On the evidence of classroom discussion, the vast majority of my incoming students seem to have only read those three books. In fact, affirmative teaching – teaching to exams – often means these students also know the same five things about those three books. It doesn't make for a wide-ranging conversation.
Gove has demanded that we create a culture of reading, and wants to challenge the accepted wisdom that "the idea of a canon is outmoded" or "it's all on the internet anyway". He says, rightly, that such a culture is "anti-knowledge, anti-aspiration and antithetical to human flourishing", and calls for a culture "in which the more you read, the more you are celebrated".
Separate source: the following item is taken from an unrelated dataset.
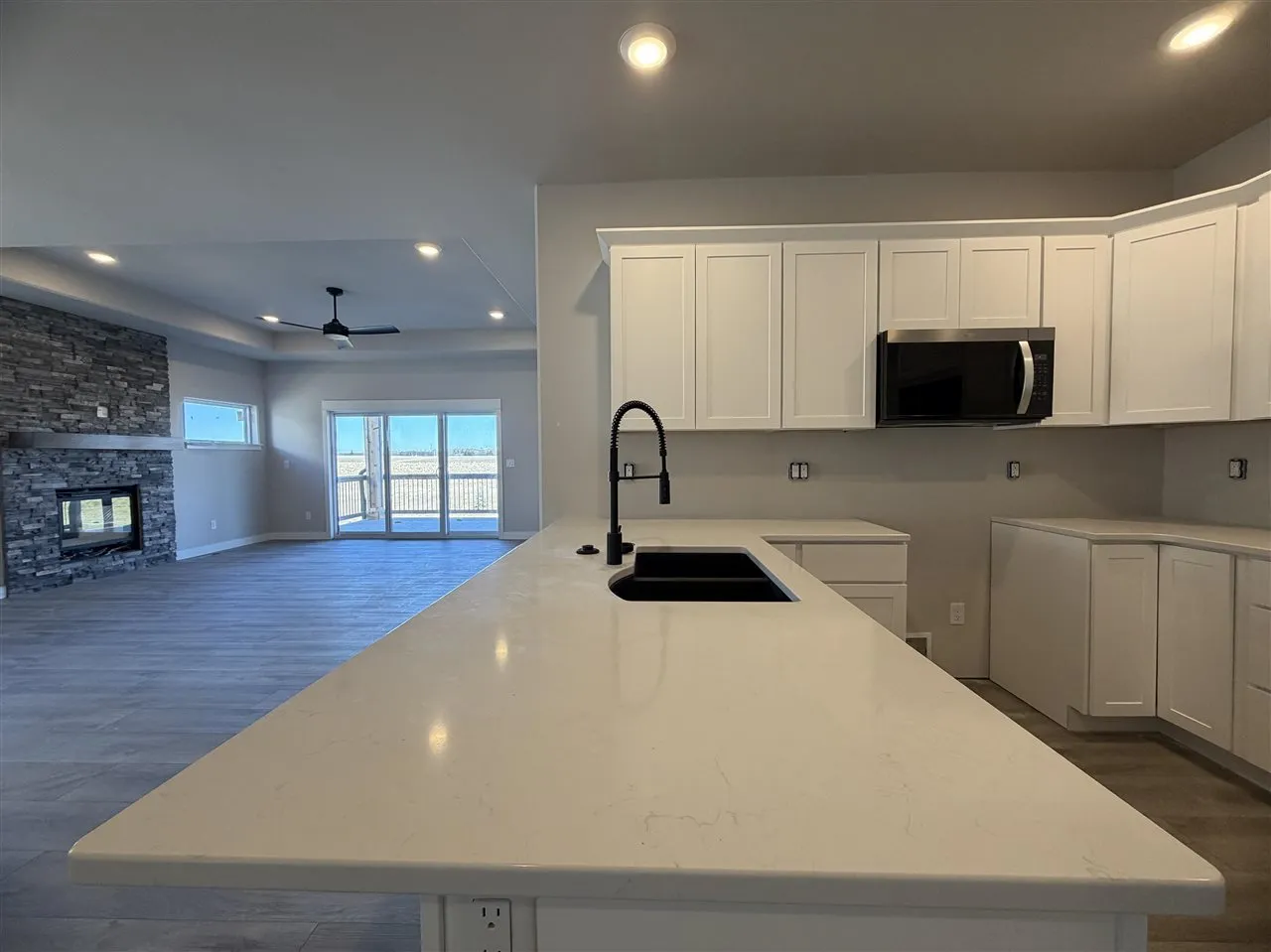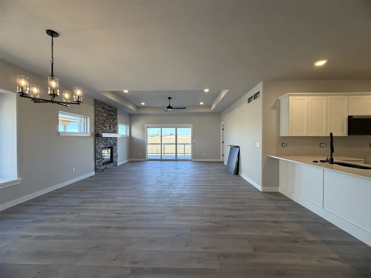 Brand new zero lot with 2 bedrooms on the main floor and 2 bedrooms in the lower level. Great room features a trey ceiling and gas fireplace with stone. Covered deck with steps. White kitchen cabinets, breakfast bar, and stainless appliances with the microwave VENTED TO THE EXTERIOR. Hard surface countertops in the kitchen and bathrooms. White trim throughout. Primary bedroom has access to the laundry room through the walk-in closet. Primary bathroom has double sinks. Finished lower level has bedrooms 3 & 4, full bathroom, and family room. Left side. Photos are of the actual property.

Well, count me in: that would certainly be a welcome change. But the schools are hardly to blame for the fact that we don't live in a culture that "celebrates" people the more they read. I read a great many books, and I'm fairly certain I'm not celebrated for it. I'm quite certain I'm not well rewarded for it, at least not financially – and that, if you look at what Gove's colleagues are doing, appears to be the only kind of reward the government recognises.
The schools are working, like all of us, to stay afloat in a hostile environment that tells them they're doing their jobs badly, while cutting funding and telling them to do better with fewer staff. Meanwhile, the government also insists that teaching become ever more utilitarian, vocational training for future jobs. Unless the entire nation is going to teach Victorian novels for a living to all the students who will now be clamouring to read them, Gove is going to have a hard time squaring this circle.
Instead of pointing fingers at schools, Gove might look closer to home: across the corridors of Whitehall, to a universities minister who looks set to implement the Browne report's recommendation to cut 100% of funding for the teaching of the humanities at universities. In fact, the word "humanities" never appears in the Browne report's 67 pages on the future of universities in this country, which tells us all we need to know. Will this really be a culture that celebrates reading?
Gove might also expand his own idea of the literary canon, which does not begin and end with 19th-century Britain. That may have been a jolly time to be British (at least in our historical fantasies: the novels he names tell a different tale), but as an American I would remind him that we contributed some important books to world culture before 1940, too. I'd also like to think that literature students were familiar enough with Shakespeare's plays to be able to write comfortably about them in exams, for example.
But Gove is quite right that rethinking the literary canon should never have meant throwing it out. I'm all for admitting more books into the conversation, but contemporary novels are neither a necessary nor a sufficient condition for being a true student of literature. But the question isn't really when books were written: there is much to learn from contemporary literature, too. The issue is with the range and breadth of our reading across history and culture. Far from narrowing the conversation, wide reading in (and out of) the canon expands it.
What great literature teaches is profoundly social: it teaches us to see the world from other peoples' perspectives, in other times and places. Whether we are following the struggles of an orphan girl in Jane Eyre, floating down a riverboat with an escaped slave in Huckleberry Finn or standing on a cliff being pelted by a storm in King Lear, what we are not doing is simply reconfirming our own points of view.
Confining ourselves to books that explicitly correspond to our own experiences is as solipsistic as flicking through a photo album looking only for pictures of oneself. I agree with Gove that we would be immensely better off if we lived in a culture that celebrated reading, instead of only the arid chasing of wealth. I just hope he can convince his ministerial colleagues to put our money where his mouth is.